Source data:
━━━━━━

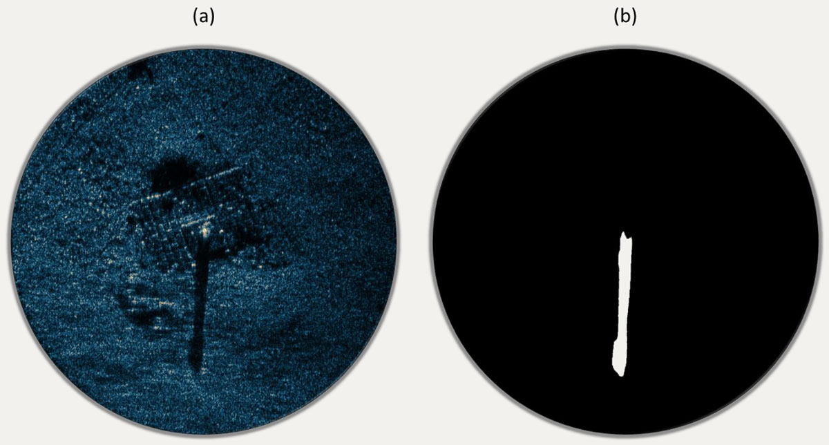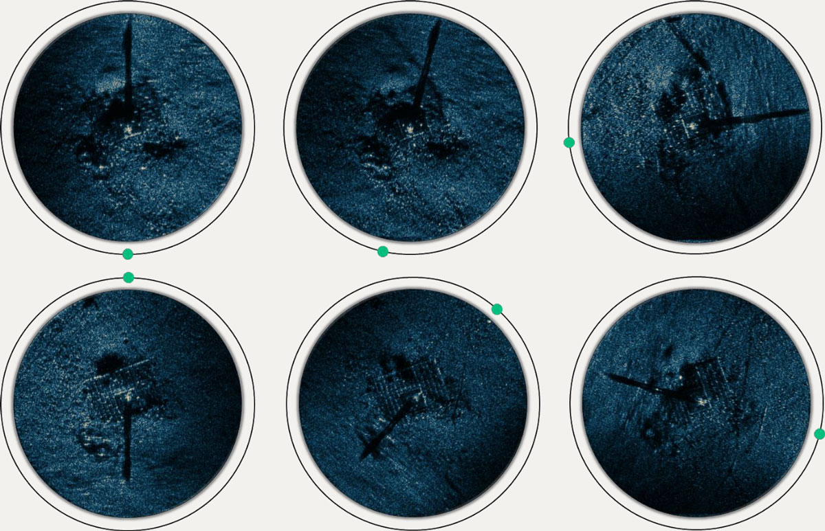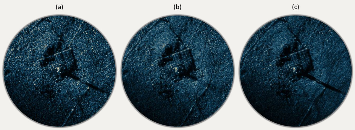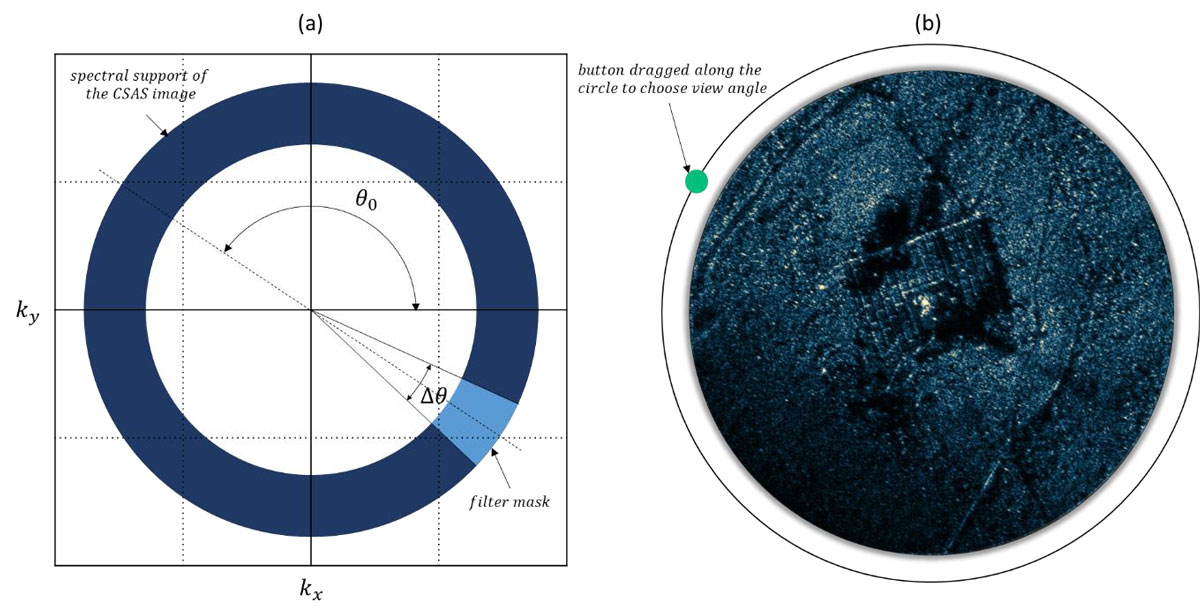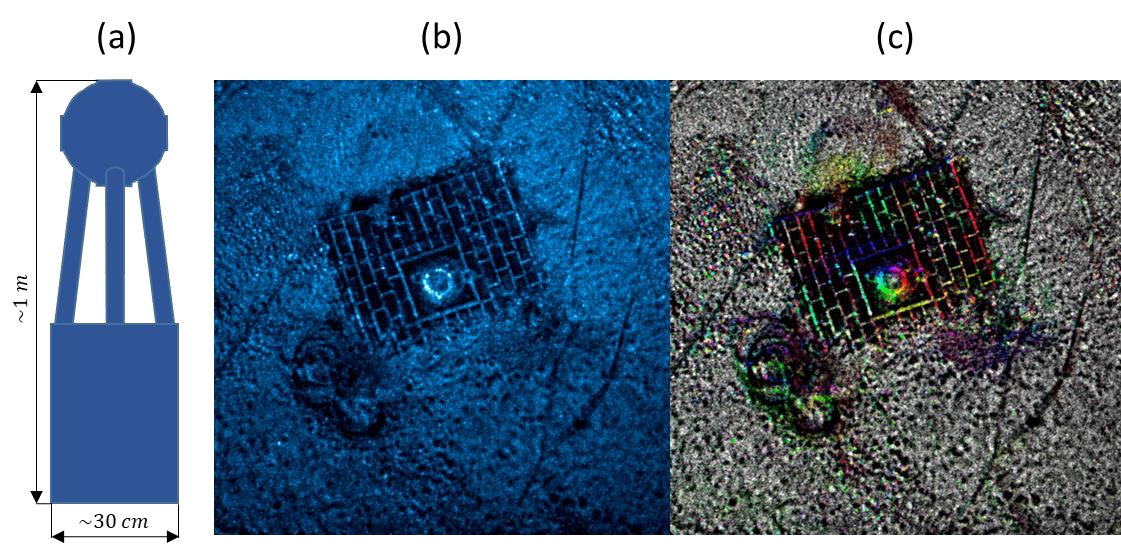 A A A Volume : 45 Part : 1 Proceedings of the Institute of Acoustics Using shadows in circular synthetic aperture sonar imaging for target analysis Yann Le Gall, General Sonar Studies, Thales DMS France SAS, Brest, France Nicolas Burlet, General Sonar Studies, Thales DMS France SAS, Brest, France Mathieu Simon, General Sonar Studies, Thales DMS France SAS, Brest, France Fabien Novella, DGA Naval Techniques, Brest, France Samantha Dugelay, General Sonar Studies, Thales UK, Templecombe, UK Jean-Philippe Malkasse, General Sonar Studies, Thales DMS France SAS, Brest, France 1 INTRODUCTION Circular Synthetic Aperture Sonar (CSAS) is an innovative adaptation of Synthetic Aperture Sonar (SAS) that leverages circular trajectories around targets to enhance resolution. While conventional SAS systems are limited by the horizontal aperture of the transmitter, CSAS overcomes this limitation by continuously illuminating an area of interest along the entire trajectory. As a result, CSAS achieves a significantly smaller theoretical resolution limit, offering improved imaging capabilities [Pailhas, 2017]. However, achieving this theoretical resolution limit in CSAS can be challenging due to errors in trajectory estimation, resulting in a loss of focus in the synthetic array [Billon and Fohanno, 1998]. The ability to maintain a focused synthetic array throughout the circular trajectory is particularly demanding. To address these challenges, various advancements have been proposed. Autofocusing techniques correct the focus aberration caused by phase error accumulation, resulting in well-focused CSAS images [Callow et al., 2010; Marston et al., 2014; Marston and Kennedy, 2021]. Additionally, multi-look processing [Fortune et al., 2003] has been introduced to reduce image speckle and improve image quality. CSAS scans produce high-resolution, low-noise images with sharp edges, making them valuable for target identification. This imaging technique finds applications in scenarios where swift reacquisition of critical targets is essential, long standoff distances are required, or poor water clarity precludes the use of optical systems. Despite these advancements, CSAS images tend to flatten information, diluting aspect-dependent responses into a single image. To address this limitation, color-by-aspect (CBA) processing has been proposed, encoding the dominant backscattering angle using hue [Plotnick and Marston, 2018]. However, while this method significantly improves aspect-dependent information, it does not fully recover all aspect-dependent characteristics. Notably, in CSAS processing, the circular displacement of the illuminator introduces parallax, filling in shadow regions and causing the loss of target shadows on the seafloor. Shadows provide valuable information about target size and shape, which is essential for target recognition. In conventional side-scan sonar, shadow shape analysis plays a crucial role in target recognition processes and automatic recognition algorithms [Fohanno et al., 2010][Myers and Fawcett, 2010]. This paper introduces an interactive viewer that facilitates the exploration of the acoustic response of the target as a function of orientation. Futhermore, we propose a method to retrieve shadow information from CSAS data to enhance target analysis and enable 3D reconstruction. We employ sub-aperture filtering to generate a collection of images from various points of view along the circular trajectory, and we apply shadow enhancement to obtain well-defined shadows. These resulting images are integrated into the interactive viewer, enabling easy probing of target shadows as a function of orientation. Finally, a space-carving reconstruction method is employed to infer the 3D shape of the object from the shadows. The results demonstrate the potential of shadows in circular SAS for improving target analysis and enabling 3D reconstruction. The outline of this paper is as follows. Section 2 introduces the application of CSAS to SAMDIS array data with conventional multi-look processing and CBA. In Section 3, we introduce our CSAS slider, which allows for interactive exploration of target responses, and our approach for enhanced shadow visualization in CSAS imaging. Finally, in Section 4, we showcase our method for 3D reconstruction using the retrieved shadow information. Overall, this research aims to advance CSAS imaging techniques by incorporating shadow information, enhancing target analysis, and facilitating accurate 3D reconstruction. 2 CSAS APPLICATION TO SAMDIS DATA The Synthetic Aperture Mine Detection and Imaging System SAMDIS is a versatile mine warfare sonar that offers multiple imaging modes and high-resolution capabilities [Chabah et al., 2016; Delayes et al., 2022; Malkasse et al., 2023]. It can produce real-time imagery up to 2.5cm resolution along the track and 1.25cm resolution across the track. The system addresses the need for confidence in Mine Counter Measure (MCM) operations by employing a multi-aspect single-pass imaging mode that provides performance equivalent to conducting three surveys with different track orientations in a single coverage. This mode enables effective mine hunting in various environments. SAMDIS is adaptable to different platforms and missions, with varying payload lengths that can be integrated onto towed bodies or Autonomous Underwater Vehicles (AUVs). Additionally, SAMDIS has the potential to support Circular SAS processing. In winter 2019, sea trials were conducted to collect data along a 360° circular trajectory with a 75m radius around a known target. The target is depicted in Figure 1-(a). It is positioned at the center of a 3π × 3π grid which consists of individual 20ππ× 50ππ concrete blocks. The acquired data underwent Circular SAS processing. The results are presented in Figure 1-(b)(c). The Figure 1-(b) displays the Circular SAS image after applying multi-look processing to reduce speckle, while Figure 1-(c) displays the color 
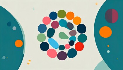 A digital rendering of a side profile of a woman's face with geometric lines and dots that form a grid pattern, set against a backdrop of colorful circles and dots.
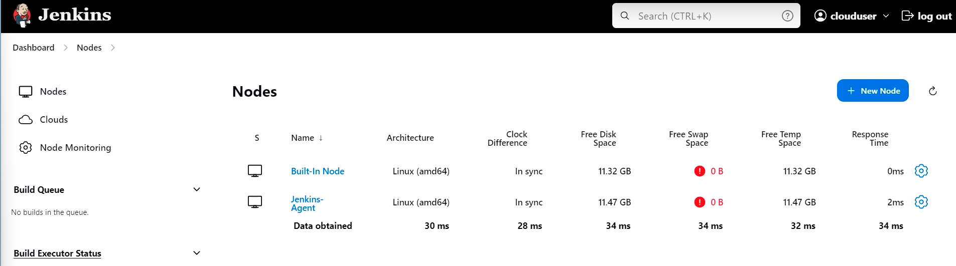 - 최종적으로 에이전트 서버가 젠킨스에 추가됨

━━━━━━

The problem: Every line above goes into the copy unchanged; the pictures do not.

Response for this exercise:
 A A A Volume : 45 Part : 1 Proceedings of the Institute of Acoustics Using shadows in circular synthetic aperture sonar imaging for target analysis Yann Le Gall, General Sonar Studies, Thales DMS France SAS, Brest, France Nicolas Burlet, General Sonar Studies, Thales DMS France SAS, Brest, France Mathieu Simon, General Sonar Studies, Thales DMS France SAS, Brest, France Fabien Novella, DGA Naval Techniques, Brest, France Samantha Dugelay, General Sonar Studies, Thales UK, Templecombe, UK Jean-Philippe Malkasse, General Sonar Studies, Thales DMS France SAS, Brest, France 1 INTRODUCTION Circular Synthetic Aperture Sonar (CSAS) is an innovative adaptation of Synthetic Aperture Sonar (SAS) that leverages circular trajectories around targets to enhance resolution. While conventional SAS systems are limited by the horizontal aperture of the transmitter, CSAS overcomes this limitation by continuously illuminating an area of interest along the entire trajectory. As a result, CSAS achieves a significantly smaller theoretical resolution limit, offering improved imaging capabilities [Pailhas, 2017]. However, achieving this theoretical resolution limit in CSAS can be challenging due to errors in trajectory estimation, resulting in a loss of focus in the synthetic array [Billon and Fohanno, 1998]. The ability to maintain a focused synthetic array throughout the circular trajectory is particularly demanding. To address these challenges, various advancements have been proposed. Autofocusing techniques correct the focus aberration caused by phase error accumulation, resulting in well-focused CSAS images [Callow et al., 2010; Marston et al., 2014; Marston and Kennedy, 2021]. Additionally, multi-look processing [Fortune et al., 2003] has been introduced to reduce image speckle and improve image quality. CSAS scans produce high-resolution, low-noise images with sharp edges, making them valuable for target identification. This imaging technique finds applications in scenarios where swift reacquisition of critical targets is essential, long standoff distances are required, or poor water clarity precludes the use of optical systems. Despite these advancements, CSAS images tend to flatten information, diluting aspect-dependent responses into a single image. To address this limitation, color-by-aspect (CBA) processing has been proposed, encoding the dominant backscattering angle using hue [Plotnick and Marston, 2018]. However, while this method significantly improves aspect-dependent information, it does not fully recover all aspect-dependent characteristics. Notably, in CSAS processing, the circular displacement of the illuminator introduces parallax, filling in shadow regions and causing the loss of target shadows on the seafloor. Shadows provide valuable information about target size and shape, which is essential for target recognition. In conventional side-scan sonar, shadow shape analysis plays a crucial role in target recognition processes and automatic recognition algorithms [Fohanno et al., 2010][Myers and Fawcett, 2010]. This paper introduces an interactive viewer that facilitates the exploration of the acoustic response of the target as a function of orientation. Futhermore, we propose a method to retrieve shadow information from CSAS data to enhance target analysis and enable 3D reconstruction. We employ sub-aperture filtering to generate a collection of images from various points of view along the circular trajectory, and we apply shadow enhancement to obtain well-defined shadows. These resulting images are integrated into the interactive viewer, enabling easy probing of target shadows as a function of orientation. Finally, a space-carving reconstruction method is employed to infer the 3D shape of the object from the shadows. The results demonstrate the potential of shadows in circular SAS for improving target analysis and enabling 3D reconstruction. The outline of this paper is as follows. Section 2 introduces the application of CSAS to SAMDIS array data with conventional multi-look processing and CBA. In Section 3, we introduce our CSAS slider, which allows for interactive exploration of target responses, and our approach for enhanced shadow visualization in CSAS imaging. Finally, in Section 4, we showcase our method for 3D reconstruction using the retrieved shadow information. Overall, this research aims to advance CSAS imaging techniques by incorporating shadow information, enhancing target analysis, and facilitating accurate 3D reconstruction. 2 CSAS APPLICATION TO SAMDIS DATA The Synthetic Aperture Mine Detection and Imaging System SAMDIS is a versatile mine warfare sonar that offers multiple imaging modes and high-resolution capabilities [Chabah et al., 2016; Delayes et al., 2022; Malkasse et al., 2023]. It can produce real-time imagery up to 2.5cm resolution along the track and 1.25cm resolution across the track. The system addresses the need for confidence in Mine Counter Measure (MCM) operations by employing a multi-aspect single-pass imaging mode that provides performance equivalent to conducting three surveys with different track orientations in a single coverage. This mode enables effective mine hunting in various environments. SAMDIS is adaptable to different platforms and missions, with varying payload lengths that can be integrated onto towed bodies or Autonomous Underwater Vehicles (AUVs). Additionally, SAMDIS has the potential to support Circular SAS processing. In winter 2019, sea trials were conducted to collect data along a 360° circular trajectory with a 75m radius around a known target. The target is depicted in Figure 1-(a). It is positioned at the center of a 3π × 3π grid which consists of individual 20ππ× 50ππ concrete blocks. The acquired data underwent Circular SAS processing. The results are presented in Figure 1-(b)(c). The Figure 1-(b) displays the Circular SAS image after applying multi-look processing to reduce speckle, while Figure 1-(c) displays the color 
 A digital rendering of a side profile of a woman's face with geometric lines and dots that form a grid pattern, set against a backdrop of colorful circles and dots.
 - 최종적으로 에이전트 서버가 젠킨스에 추가됨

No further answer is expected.